(Exercise details):
All of the listing should be output exactly, apart from the pictures.

(Given information):
BEGIN

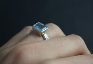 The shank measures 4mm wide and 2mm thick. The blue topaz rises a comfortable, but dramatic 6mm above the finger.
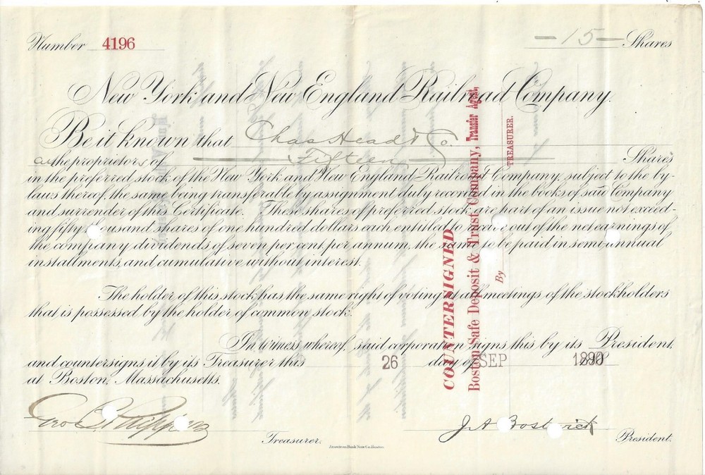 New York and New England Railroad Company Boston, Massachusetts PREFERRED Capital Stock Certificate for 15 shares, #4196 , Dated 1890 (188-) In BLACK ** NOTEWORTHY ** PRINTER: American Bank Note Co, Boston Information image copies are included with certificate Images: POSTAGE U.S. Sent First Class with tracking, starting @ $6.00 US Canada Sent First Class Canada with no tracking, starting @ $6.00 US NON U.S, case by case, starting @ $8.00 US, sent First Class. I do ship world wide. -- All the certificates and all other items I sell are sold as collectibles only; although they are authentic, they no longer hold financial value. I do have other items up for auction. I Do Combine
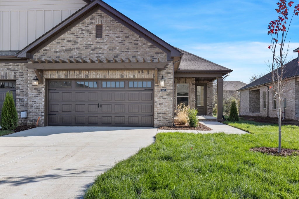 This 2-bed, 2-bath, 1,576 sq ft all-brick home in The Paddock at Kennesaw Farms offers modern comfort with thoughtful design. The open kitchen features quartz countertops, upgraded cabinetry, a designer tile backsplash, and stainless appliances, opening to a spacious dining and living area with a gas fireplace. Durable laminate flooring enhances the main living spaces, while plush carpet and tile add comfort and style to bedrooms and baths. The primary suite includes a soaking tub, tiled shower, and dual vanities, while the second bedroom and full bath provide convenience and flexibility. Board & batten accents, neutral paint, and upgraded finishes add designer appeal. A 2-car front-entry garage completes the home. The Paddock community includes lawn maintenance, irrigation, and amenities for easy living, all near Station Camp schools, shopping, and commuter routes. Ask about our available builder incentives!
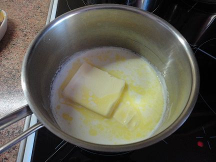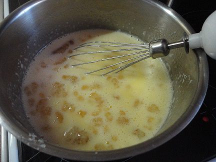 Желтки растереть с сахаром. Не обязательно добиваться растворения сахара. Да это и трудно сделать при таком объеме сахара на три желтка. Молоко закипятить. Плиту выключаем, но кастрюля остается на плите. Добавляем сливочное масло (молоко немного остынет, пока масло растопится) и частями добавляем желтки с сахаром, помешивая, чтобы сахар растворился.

END

(Result of the exercise):
 The shank measures 4mm wide and 2mm thick. The blue topaz rises a comfortable, but dramatic 6mm above the finger.
 New York and New England Railroad Company Boston, Massachusetts PREFERRED Capital Stock Certificate for 15 shares, #4196 , Dated 1890 (188-) In BLACK ** NOTEWORTHY ** PRINTER: American Bank Note Co, Boston Information image copies are included with certificate Images: POSTAGE U.S. Sent First Class with tracking, starting @ $6.00 US Canada Sent First Class Canada with no tracking, starting @ $6.00 US NON U.S, case by case, starting @ $8.00 US, sent First Class. I do ship world wide. -- All the certificates and all other items I sell are sold as collectibles only; although they are authentic, they no longer hold financial value. I do have other items up for auction. I Do Combine
 This 2-bed, 2-bath, 1,576 sq ft all-brick home in The Paddock at Kennesaw Farms offers modern comfort with thoughtful design. The open kitchen features quartz countertops, upgraded cabinetry, a designer tile backsplash, and stainless appliances, opening to a spacious dining and living area with a gas fireplace. Durable laminate flooring enhances the main living spaces, while plush carpet and tile add comfort and style to bedrooms and baths. The primary suite includes a soaking tub, tiled shower, and dual vanities, while the second bedroom and full bath provide convenience and flexibility. Board & batten accents, neutral paint, and upgraded finishes add designer appeal. A 2-car front-entry garage completes the home. The Paddock community includes lawn maintenance, irrigation, and amenities for easy living, all near Station Camp schools, shopping, and commuter routes. Ask about our available builder incentives!
 Желтки растереть с сахаром. Не обязательно добиваться растворения сахара. Да это и трудно сделать при таком объеме сахара на три желтка. Молоко закипятить. Плиту выключаем, но кастрюля остается на плите. Добавляем сливочное масло (молоко немного остынет, пока масло растопится) и частями добавляем желтки с сахаром, помешивая, чтобы сахар растворился.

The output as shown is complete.